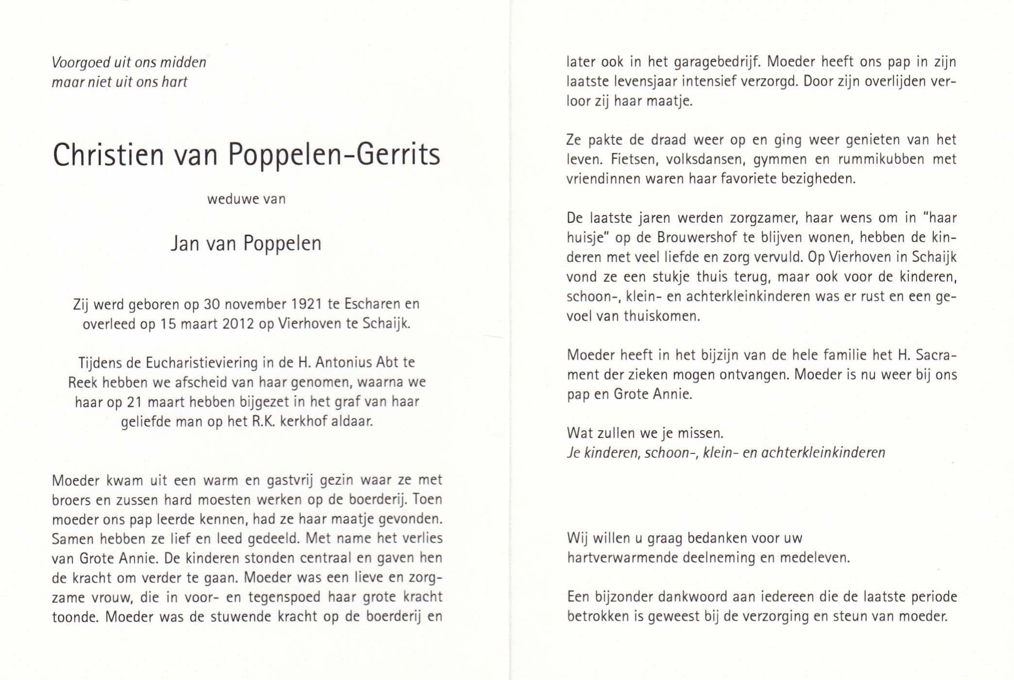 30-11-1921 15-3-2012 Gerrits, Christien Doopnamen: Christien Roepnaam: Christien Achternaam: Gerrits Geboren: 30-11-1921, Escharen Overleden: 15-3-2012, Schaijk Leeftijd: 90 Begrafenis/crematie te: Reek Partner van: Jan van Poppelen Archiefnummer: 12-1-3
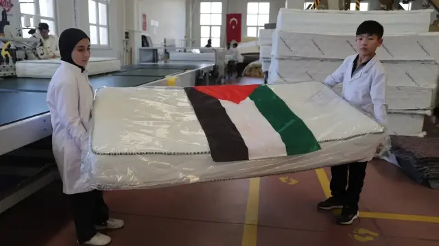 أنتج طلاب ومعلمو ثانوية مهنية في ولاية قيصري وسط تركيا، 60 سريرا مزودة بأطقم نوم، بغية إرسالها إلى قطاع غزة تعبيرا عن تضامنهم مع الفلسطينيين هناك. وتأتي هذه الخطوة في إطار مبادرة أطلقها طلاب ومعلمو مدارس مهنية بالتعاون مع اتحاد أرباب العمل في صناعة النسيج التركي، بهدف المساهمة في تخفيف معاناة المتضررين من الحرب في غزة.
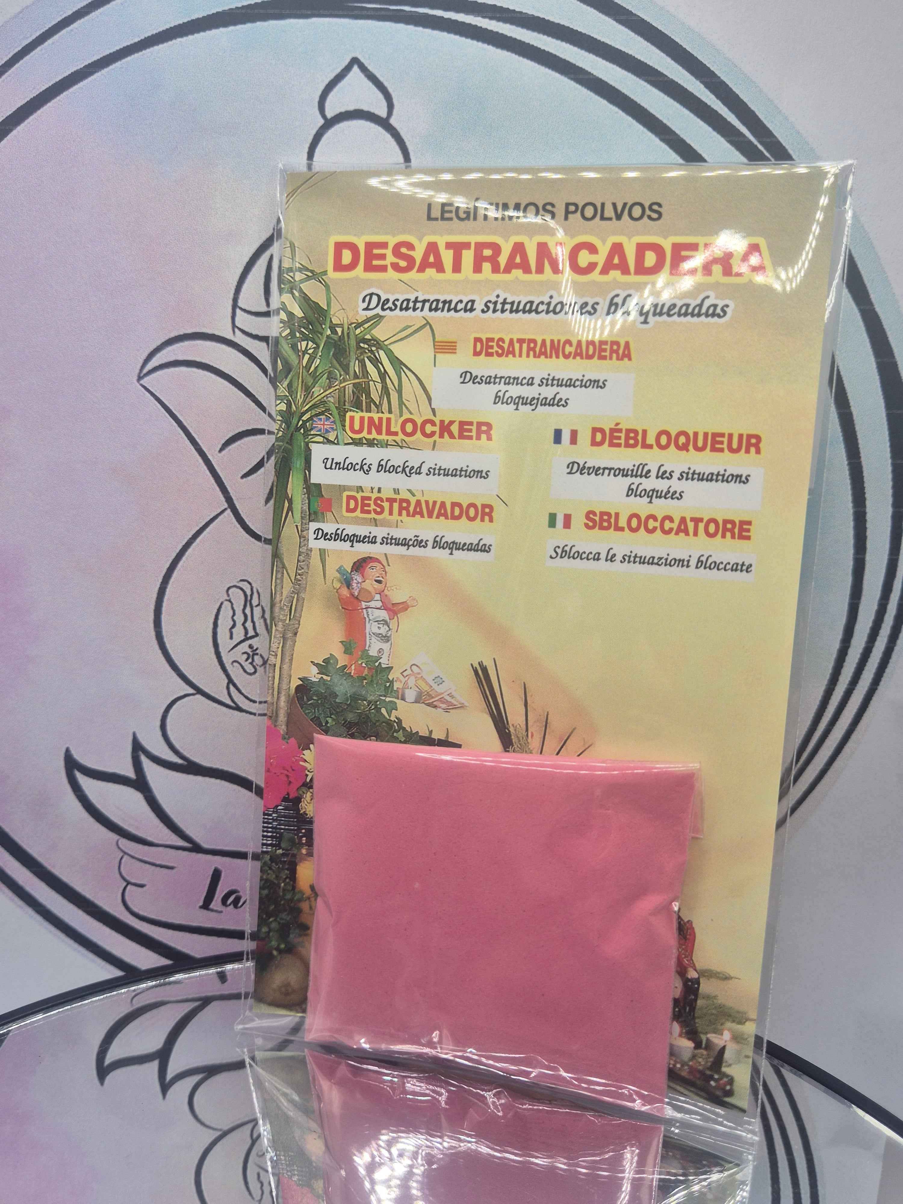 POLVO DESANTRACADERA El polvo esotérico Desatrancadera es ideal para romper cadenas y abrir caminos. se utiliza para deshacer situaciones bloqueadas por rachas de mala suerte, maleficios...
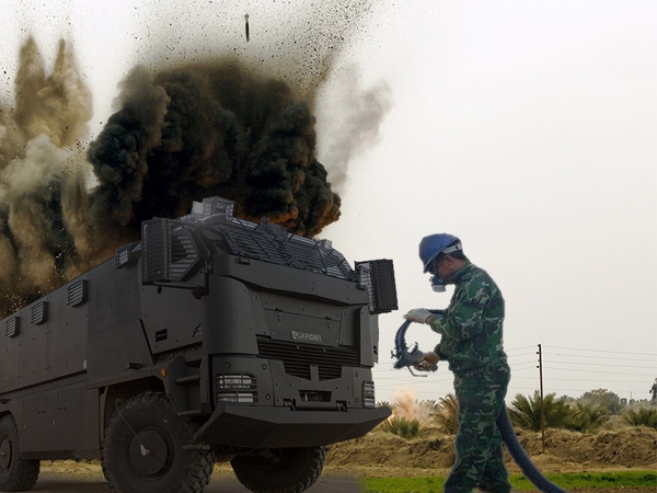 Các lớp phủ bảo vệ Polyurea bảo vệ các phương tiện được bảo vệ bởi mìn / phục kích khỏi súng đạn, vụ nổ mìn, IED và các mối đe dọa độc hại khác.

...

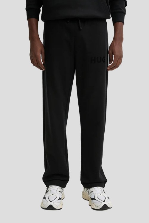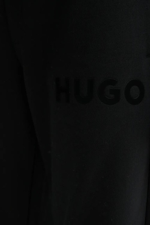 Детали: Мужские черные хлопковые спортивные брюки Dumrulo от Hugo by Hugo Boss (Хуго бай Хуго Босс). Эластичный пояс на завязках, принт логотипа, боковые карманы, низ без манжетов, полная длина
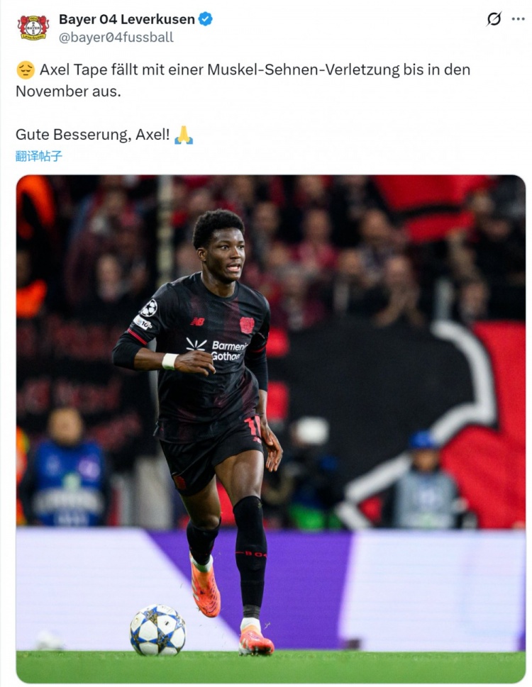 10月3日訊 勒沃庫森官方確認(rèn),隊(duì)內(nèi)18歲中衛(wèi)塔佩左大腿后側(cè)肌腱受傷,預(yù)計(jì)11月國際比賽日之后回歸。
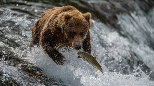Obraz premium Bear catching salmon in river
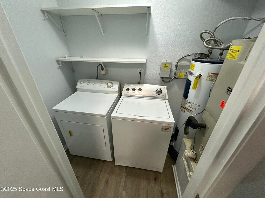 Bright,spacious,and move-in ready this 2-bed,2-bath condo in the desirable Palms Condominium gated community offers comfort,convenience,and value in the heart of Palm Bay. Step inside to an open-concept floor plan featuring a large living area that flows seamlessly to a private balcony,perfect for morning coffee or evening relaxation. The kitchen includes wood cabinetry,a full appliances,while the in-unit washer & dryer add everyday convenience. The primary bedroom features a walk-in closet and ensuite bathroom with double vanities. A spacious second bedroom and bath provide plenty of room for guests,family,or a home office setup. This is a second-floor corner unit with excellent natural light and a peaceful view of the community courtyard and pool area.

- ASSIGNMENT:
Using the records above, repeat exactly the run of lines that starts with the line with "POLVO DESANTRACADERA El" and goes on through the line with "Các lớp phủ"; omit each picture.

- SOLUTION TO THE PROBLEM:
 POLVO DESANTRACADERA El polvo esotérico Desatrancadera es ideal para romper cadenas y abrir caminos. se utiliza para deshacer situaciones bloqueadas por rachas de mala suerte, maleficios...
 Các lớp phủ bảo vệ Polyurea bảo vệ các phương tiện được bảo vệ bởi mìn / phục kích khỏi súng đạn, vụ nổ mìn, IED và các mối đe dọa độc hại khác.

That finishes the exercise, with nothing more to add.